A long axial field-of-view PET scanner for nonhuman primate imaging

Eric Berg, Xuezhu Zhang, Julien Bec, Martin S. Judenhofer, Brijesh Patel, Qiyu Peng, Maciej Kapusta, Matthias Schmand, Michael E. Casey, Alice F Tarantal, Jinyi Qi, Ramsey D Badawi, Simon R Cherry

Research output: Contribution to journalArticle

6 Citations (Scopus)

Abstract

We describe a long axial field-of-view (FOV) PET scanner for high-sensitivity and total-body imaging of nonhuman primates and present the physical performance and first phantom and animal imaging results.
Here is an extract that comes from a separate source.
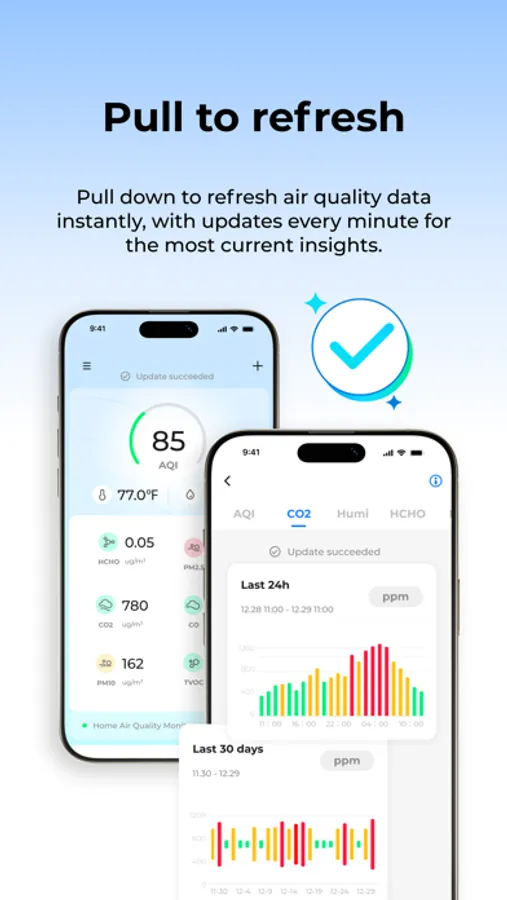 Pull down to refresh air quality data instantly, with updates every minute for the most current insights.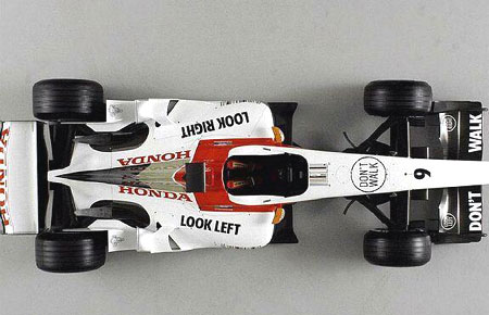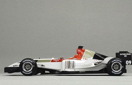 Honda RA004E引擎技術規格: 名 稱 Honda RA004E 排 氣 量 3.0升 型 式 V10自然進氣 汽缸夾角 90度 最大馬力 超過900 ps 最高轉速 超過18,500 rpm 汽門機構 每缸四汽門, 氣動式汽門系統 供油系統 Honda PGM-F1 節 氣 閥 電子液壓式 點火系統 Honda PGM-IG 傳動系統: 變 速 箱 BAR殼體, Honda&XTrac 7檔位 換檔裝置 序列式, 半自動變速, 液壓驅動 離 合 器 碳纖維 車身尺寸: 車長/寬/高(mm):4465/1800/950 軸 距(mm):3140 前/后輪距(mm):1460/1420

Methods: The mini-EXPLORER PET scanner was built using the components of a clinical scanner reconfigured with a detector ring diameter of 43.5 cm and an axial length of 45.7 cm. National Electrical Manufacturers Association (NEMA) NU-2 and NU-4 phantoms were used to measure sensitivity and count rate performance. Reconstructed spatial resolution was investigated by imaging a radially stepped point source and a Derenzo phantom. The effect of the wide acceptance angle was investigated by comparing performance with maximum acceptance angles of 14°–46°. Lastly, an initial assessment of the in vivo performance of the mini-EXPLORER was undertaken with a dynamic18F-FDG nonhuman primate (rhesus monkey) imaging study. Results: The NU-2 total sensitivity was 5.0%, and the peak noise-equivalent count rate measured with the NU-4 monkey scatter phantom was 1,741 kcps, both obtained using the maximum acceptance angle (46°). The NU-4 scatter fraction was 16.5%, less than 1% higher than with a 14° acceptance angle. The reconstructed spatial resolution was approximately 3.0 mm at the center of the FOV, with a minor loss in axial spatial resolution (0.5 mm) when the acceptance angle increased from 14° to 46°. The rhesus monkey18F-FDG study demonstrated the benefit of the high sensitivity of the mini-EXPLORER, including fast imaging (1-s early frames), excellent image quality (30-s and 5-min frames), and late-time-point imaging (18 h after injection), all obtained at a single bed position that captured the major organs of the rhesus monkey. Conclusion: This study demonstrated the physical performance and imaging capabilities of a long axial FOV PET scanner designed for high-sensitivity imaging of nonhuman primates. Further, the results of this study suggest that a wide acceptance angle can be used with a long axial FOV scanner to maximize sensitivity while introducing only minor tradeoffs such as a small increase in scatter fraction and slightly degraded axial spatial resolution.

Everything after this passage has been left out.